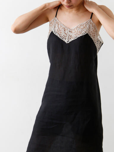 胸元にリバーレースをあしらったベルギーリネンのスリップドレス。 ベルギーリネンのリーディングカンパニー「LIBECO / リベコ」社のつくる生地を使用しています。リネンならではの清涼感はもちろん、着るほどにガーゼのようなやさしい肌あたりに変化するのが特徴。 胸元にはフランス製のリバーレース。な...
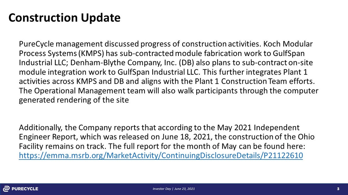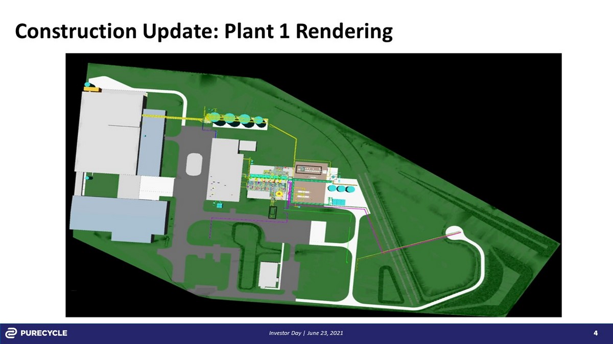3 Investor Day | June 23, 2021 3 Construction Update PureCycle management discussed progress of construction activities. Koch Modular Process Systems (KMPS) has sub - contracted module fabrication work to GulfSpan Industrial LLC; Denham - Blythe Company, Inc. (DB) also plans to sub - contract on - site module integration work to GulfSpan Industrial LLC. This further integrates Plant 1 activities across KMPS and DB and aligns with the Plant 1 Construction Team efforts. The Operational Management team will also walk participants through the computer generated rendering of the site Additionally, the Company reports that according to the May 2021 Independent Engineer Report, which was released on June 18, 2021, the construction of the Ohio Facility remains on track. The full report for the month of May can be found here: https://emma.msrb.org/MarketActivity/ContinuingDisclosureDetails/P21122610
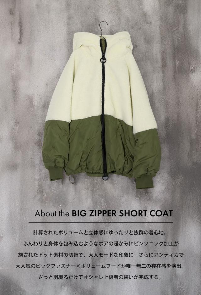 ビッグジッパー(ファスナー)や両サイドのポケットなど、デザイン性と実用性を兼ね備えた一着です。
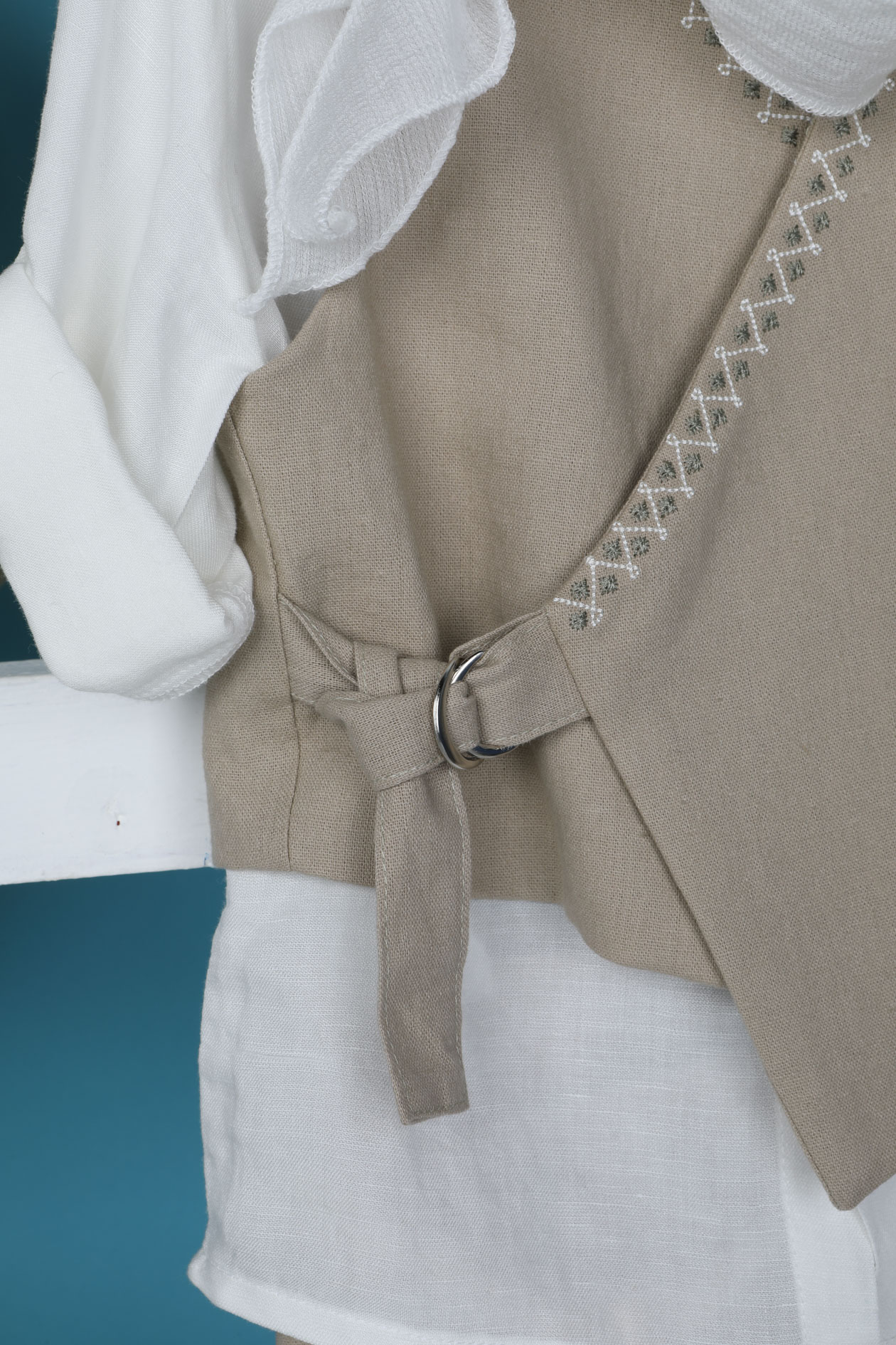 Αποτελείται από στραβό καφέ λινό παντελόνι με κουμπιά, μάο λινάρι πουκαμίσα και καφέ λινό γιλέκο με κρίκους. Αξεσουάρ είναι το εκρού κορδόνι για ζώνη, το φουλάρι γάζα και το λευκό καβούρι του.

-- -- --

GOAL OF THE EXERCISE –
The listing above must be repeated exactly. Its pictures are not part of the copy.

ANSWER AREA –
 胸元にリバーレースをあしらったベルギーリネンのスリップドレス。 ベルギーリネンのリーディングカンパニー「LIBECO / リベコ」社のつくる生地を使用しています。リネンならではの清涼感はもちろん、着るほどにガーゼのようなやさしい肌あたりに変化するのが特徴。 胸元にはフランス製のリバーレース。な...
3 Investor Day | June 23, 2021 3 Construction Update PureCycle management discussed progress of construction activities. Koch Modular Process Systems (KMPS) has sub - contracted module fabrication work to GulfSpan Industrial LLC; Denham - Blythe Company, Inc. (DB) also plans to sub - contract on - site module integration work to GulfSpan Industrial LLC. This further integrates Plant 1 activities across KMPS and DB and aligns with the Plant 1 Construction Team efforts. The Operational Management team will also walk participants through the computer generated rendering of the site Additionally, the Company reports that according to the May 2021 Independent Engineer Report, which was released on June 18, 2021, the construction of the Ohio Facility remains on track. The full report for the month of May can be found here: https://emma.msrb.org/MarketActivity/ContinuingDisclosureDetails/P21122610
 ビッグジッパー(ファスナー)や両サイドのポケットなど、デザイン性と実用性を兼ね備えた一着です。
 Αποτελείται από στραβό καφέ λινό παντελόνι με κουμπιά, μάο λινάρι πουκαμίσα και καφέ λινό γιλέκο με κρίκους. Αξεσουάρ είναι το εκρού κορδόνι για ζώνη, το φουλάρι γάζα και το λευκό καβούρι του.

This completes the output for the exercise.